Extract tables from PDF to Azure search

我正在尝试将 pdf 内容编入 azure 搜索索引。为此,我在 Azure Search Power Skills GitHub 存储库中使用 analyzeForm 和 extractTables 项目的函数应用程序。

AnalyzeForm 具有字段映射,我可以使用它来将输出字段映射到相应的 Azure 搜索索引字段。 但我还想提取 table 内容,为此我必须使用 ExtractTables API。 API returns table 这种形式的记录:

{
    "values": [
        {
            "recordId": "record1",
            "data": {
                "tables": [
                    {
                        "page_number": 1,
                        "row_count": 3,
                        "column_count": 4,
                        "cells": [
                            {
                                "text": "Item",
                                "rowIndex": 0,
                                "colIndex": 0,
                                "confidence": 1.0,
                                "is_header": false
                            },
                            {
                                "text": "Quantity",
                                "rowIndex": 0,
                                "colIndex": 1,
                                "confidence": 1.0,
                                "is_header": false
                            },
                            {
                                "text": "Rate",
                                "rowIndex": 0,
                                "colIndex": 2,
                                "confidence": 1.0,
                                "is_header": false
                            },
                            {
                                "text": "Amount",
                                "rowIndex": 0,
                                "colIndex": 3,
                                "confidence": 1.0,
                                "is_header": false
                            },
                            {
                                "text": "Iphone 12 (64 GB)",
                                "rowIndex": 1,
                                "colIndex": 0,
                                "confidence": 1.0,
                                "is_header": false
                            },
                            {
                                "text": "1",
                                "rowIndex": 1,
                                "colIndex": 1,
                                "confidence": 1.0,
                                "is_header": false
                            },
                            {
                                "text": "0.00",
                                "rowIndex": 1,
                                "colIndex": 2,
                                "confidence": 1.0,
                                "is_header": false
                            },
                            {
                                "text": "0.00",
                                "rowIndex": 1,
                                "colIndex": 3,
                                "confidence": 1.0,
                                "is_header": false
                            },
                            {
                                "text": "MI 10 (6 GB)",
                                "rowIndex": 2,
                                "colIndex": 0,
                                "confidence": 1.0,
                                "is_header": false
                            },
                            {
                                "text": "1",
                                "rowIndex": 2,
                                "colIndex": 1,
                                "confidence": 1.0,
                                "is_header": false
                            },
                            {
                                "text": "0.00",
                                "rowIndex": 2,
                                "colIndex": 2,
                                "confidence": 1.0,
                                "is_header": false
                            },
                            {
                                "text": "0.00",
                                "rowIndex": 2,
                                "colIndex": 3,
                                "confidence": 1.0,
                                "is_header": false
                            }
                        ]
                    }
                ]
            }
        }
    ]
}

如何映射从 table 中提取的数据以将其索引到 Azure 搜索中?有什么办法可以将其添加为自定义技能吗?如果是,索引模式是什么?

您可以将 Azure 函数用作自定义技能。
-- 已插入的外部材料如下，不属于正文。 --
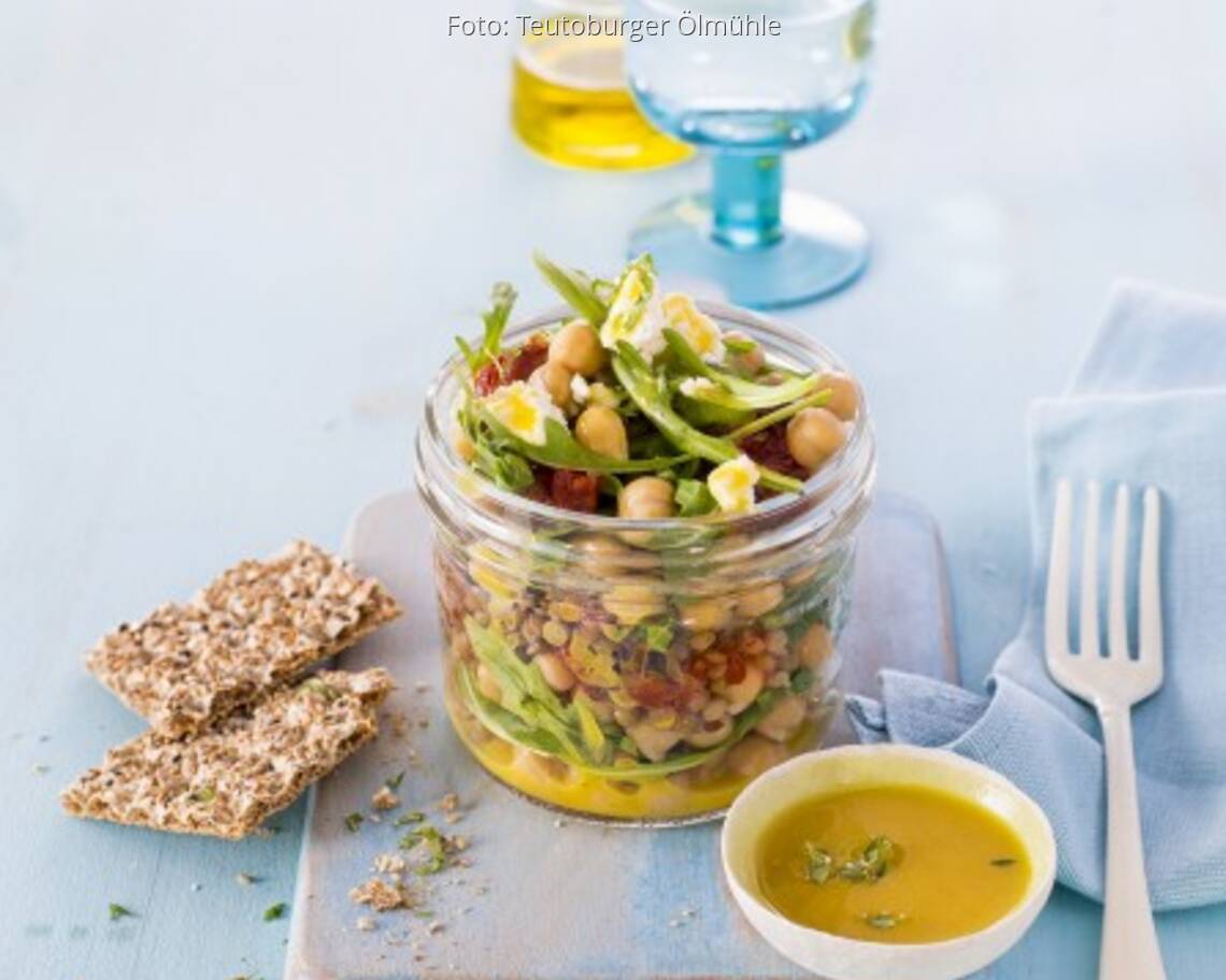 Foto: Teutoburger ÖlmühleLinsen-Kichererbsen-Salat mit Honig-Balsamico-Vinaigrette

只需将 ExtractTables 中的字段映射到预期的自定义技能字段:

private class OutputRecord
{
    public class OutputRecordData
    {
        public string Name { get; set; } = "";
        public string Description { get; set; } = "";
        public string Source { get; set; } = "";
        public string SourceUrl { get; set; } = "";
        public string LicenseAttribution { get; set; } = "";
        public string LicenseUrl { get; set; } = "";
    }

    public class OutputRecordMessage
    {
        public string Message { get; set; }
    }

    public string RecordId { get; set; }
    public OutputRecordData Data { get; set; }
    public List<OutputRecordMessage> Errors { get; set; }
    public List<OutputRecordMessage> Warnings { get; set; }
}

https://docs.microsoft.com/en-us/azure/search/cognitive-search-create-custom-skill-example

有 3 种方法可以转换技能输出,您可以使用整形器技能、内联整形或使用自定义技能。在这种情况下,我同意@Thiago 的观点,即最好的选择是使用自定义技能,因为整形器不允许您仅从 table 结果中选择特定的列值。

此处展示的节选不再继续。